The in vitro egg hatch assay was based on the method of Marie-Magdeleine et al. (Citation2010). One mL of egg suspension was distributed in each well of 48 well plates containing ~400 eggs/well, and mixed with the same volume of plant extracts (i.e., 125, 250, 500 µg/mL). Albendazole at a 1% concentration was used as the positive control. The plates were incubated at 25°C for 48 h, when one drop of Lugol’s iodine solution was added to stop egg hatching. All the eggs and first stage larvae (L1), in each plate were counted with three replicates for each concentration and control.

Larval development assay

The procedure used was described by Hubert and Kerboeuf (Citation1992) with modification of Assis et al. (Citation2003). One thousand larvae (L1 and L2) were distributed into the wells of the 24 weel plates. Larvae were recovered by the procedures described for eggs hatch assay and feed for 48 h in a nutritive solution of fecal juice and Amphotericin B to avoid fungal development. At this time, the same volume of plants extracts (i.e., 125, 250, 500 µg/mL) were added and albendazole was used as the positive control as previously. There were three replicates for each treatment. Third- stage larvae (L3) were obtained 7 d later. At this time, the parasites were counted under an inverted microscope by separation of the larvae into third stage larvae (L3), and larvae of other development stages (L1 and L2).

Larval migration assay

The procedure used was that of Marie-Magdeleine et al (Citation2010). One thousand live L3 were added to centrifuge tubes (total of 30 tubes) containing negative control (PBS), a positive control (Levamisole at 1% concentration) and each extract to be tested (i.e., 125, 250, 500 µg/mL). Use of PBS aimed to avoid interference with any non-specific effect due to pH change. All incubations were for 3 h at 25°C. Thereafter, the L3 from each tube was washed with PBS and centrifuged (5000 rpm for 5 min) three times. Larvae were then transferred to sieves (inserts equipped with a 20 µm mesh positioned a conical tube). After 3 h at room temperature, the numbers of L3 larvae which migrated through the mesh were counted in an optical microscope at 40 x in a 10% aliquot.

Statistical analyses

Data were transformed into Arcoseno √x and analysed with a completely randomised design using SAS (Citation2006), where mean comparisons used Tukey’s test at a confidence level of 95% (Steel and Torrie, Citation1980).

Results and discussion

Chemical composition and condensed tannins

The leaves of Lysiloma acapulsencis had higher concentrations of OM, NDF, ADF, FCT1, PCT and TCT than leaves of P. dulce which had a higher content of CP and FCT2 ().

Eggs hatch assay

Both aqueous extracts of LAE and PDE, in addition to the negative and positive controls (i.e., PBS, ABZ, and DMSO), affected gastrointestinal nematodes egg hatching. Phosphate buffer solution and DMSO had the highest (P<0.05) egg hatching (96.7 and 68.1%, respectively) followed by PDE and LAE (P<0.05), with ABZ having the lowest (P<0.05) hatching percentage, i.e. 30.5% (). Within PDE extract doses, there was increased hatching as the dose of extract increased (62.7, 59.6, and 56.3% for PD-125, PD-250, and PD-500, respectively) while, in LAE, the highest hatching (47.4%) was with the highest extract dose (i.e., 500 µg/mL) compared to the intermediate dose of 250 µg/mL which had the lowest value (32.6%; ).

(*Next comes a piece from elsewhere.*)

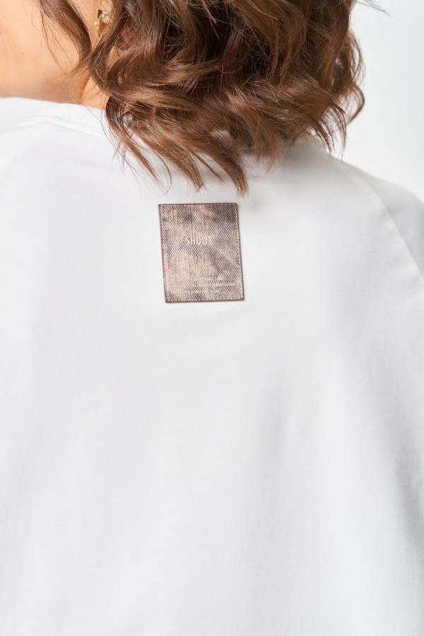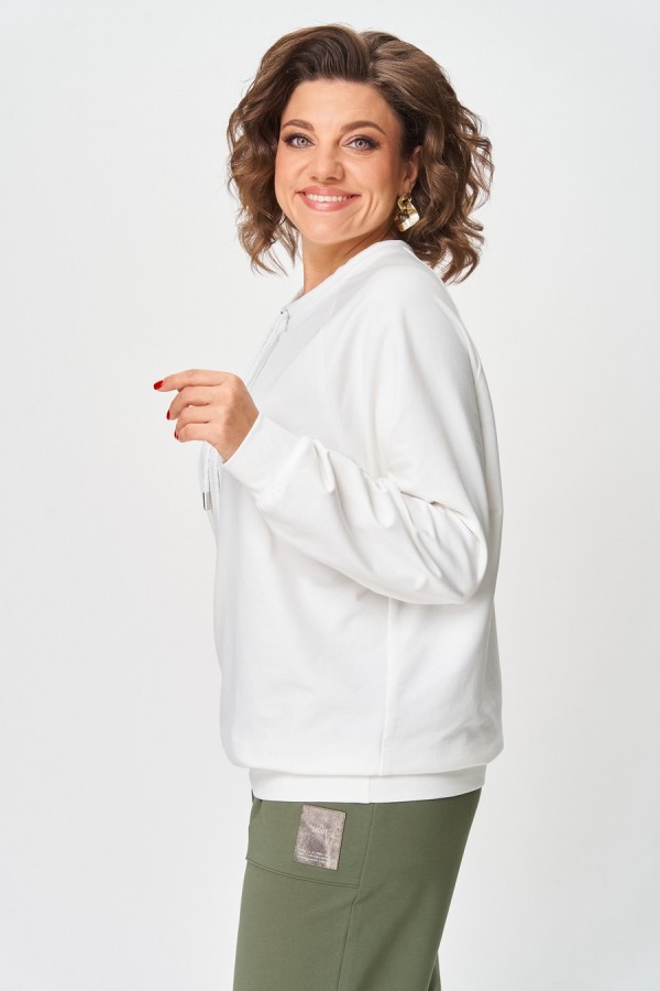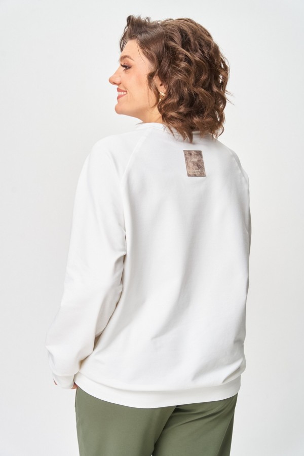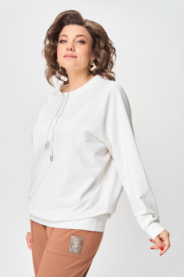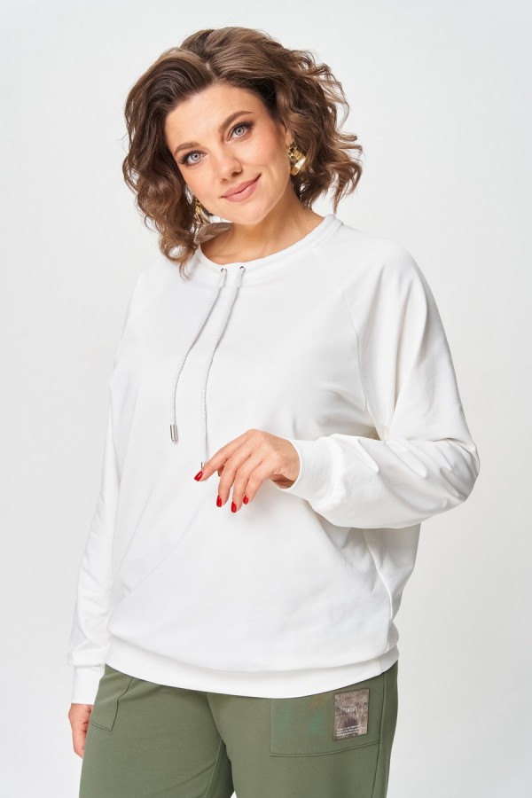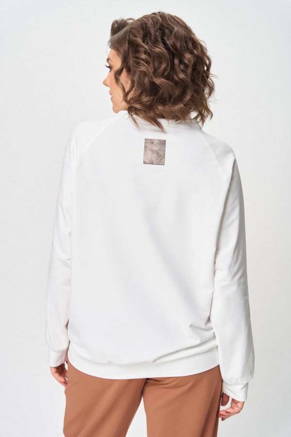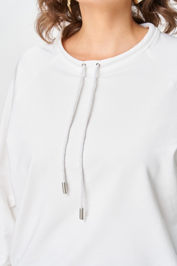 Джемпер женский из трикотажной хлопковой ткани (двунитка). Рукав реглан. Низ рукава обработан притачной манжетой. Низ изделия оформлен притачным поясом. На спинке настрочен декоративный элемент. Вырез горловины круглый, обработан бейкой со шнуром.

Larval development and migration assay

Both the LAE and PDE extracts at different doses, and ABZ, resulted in almost no larval development (P<0.05) compared to 100 and 86.4% larval development for DMSO and PBS, respectively (). The highest (P<0.05) larval migration was with PBS (79.3%) compared to other treatments which had values (P<0.05) of 2.9% for LV-500 and 16.1% with PD-500. The lowest (P<0.05) larval migration was with LV at all doses (4.6, 6.7, and 2.9% for LV-125, LV-250, and LV-500, respectively; ).

Eggs hatch and larval development assay

This study examined the in vitro bioactive properties of aqueous extracts from L. acapulcensis and P. dulce on common gastrointestinal nematodes of sheep. Results showed that LAE has an ovicidal effect with doses of 250 and 500 µg/mL, which may be due to the condensed tannins in L. acapulcensis (116.3 g/kg DM; ). Ademola and Eloff (Citation2011), in their study with Vernonia amygadalina acetone extracts, inhibited egg hatching and larval development of H. contortus larvae at a concentration of 957 µg/mL. It is well known that CT of tanniniferous plants varies in their molecular weight and composition (Mueller-Harvey, Citation2006; Gea et al., Citation2011). Thus possible anthelmintic effects of tanniniferous plants may depend on their CT contents as well as on other CT parameters such as the monomeric composition and degree of polymerisation (i.e., average size of tannin molecules). Molan et al. (Citation2003) and Brunet and Hoste (Citation2006) suggested that prodelphidin-rich tannins and their monomers have a stronger anthelmintic activity against sheep nematodes than do procyanidin-rich tannins and their monomers.

In our study, LAE showed anthelmintic properties with reduced egg hatching (32.6%), although the dose of 250 µg/mL was higher than that of PDE at 59.6%. Alonso-Díaz et al. (Citation2008) showed that extracts of some tropical tanniniferous plants (i.e., Acacia pennulata, Lysiloma latisiliqum, Leucanena leucocephala), had in vitro anthelmintic effects against gastrointestinal nematodes using egg hatching and larval development assays. The hatching of nematode eggs is initiated by environmental stimuli which cause release of enzymes, such as proteases, lipases and chitinases, by the larvae which function to degrade the egg membrane (Mansfield et al., Citation1992). The tanniniferous compounds which are in extracts of L. acapusencis may act to inhibit activity of these enzymes. Both LAE and PDE are more potent inhibitors of larval development than of egg hatching. Indeed results were similar to those of Molan et al. (Citation2002), who found that extracts of Lotus pendunculatus, Lotus corniculatus, Hedychium coronarium and Onobrychis viciifolia, were more potent in inhibiting larval development (91%) than of egg hatching (34%). Unfortunately the design of this study did not include confirmation of the role of tannins in the anthelmintic effect observed using polivynil-pirrodilone or polyethylene glycol as tannin blocking agents. However, it is possible to speculate that the more specific and strong actions of the tanninrich extracts on larval development is related to the presence of proline and hydroxiproline rich proteins in the nematode larval sheath and cuticle, and the high affinity of tannins to those proteins (Page, Citation2001).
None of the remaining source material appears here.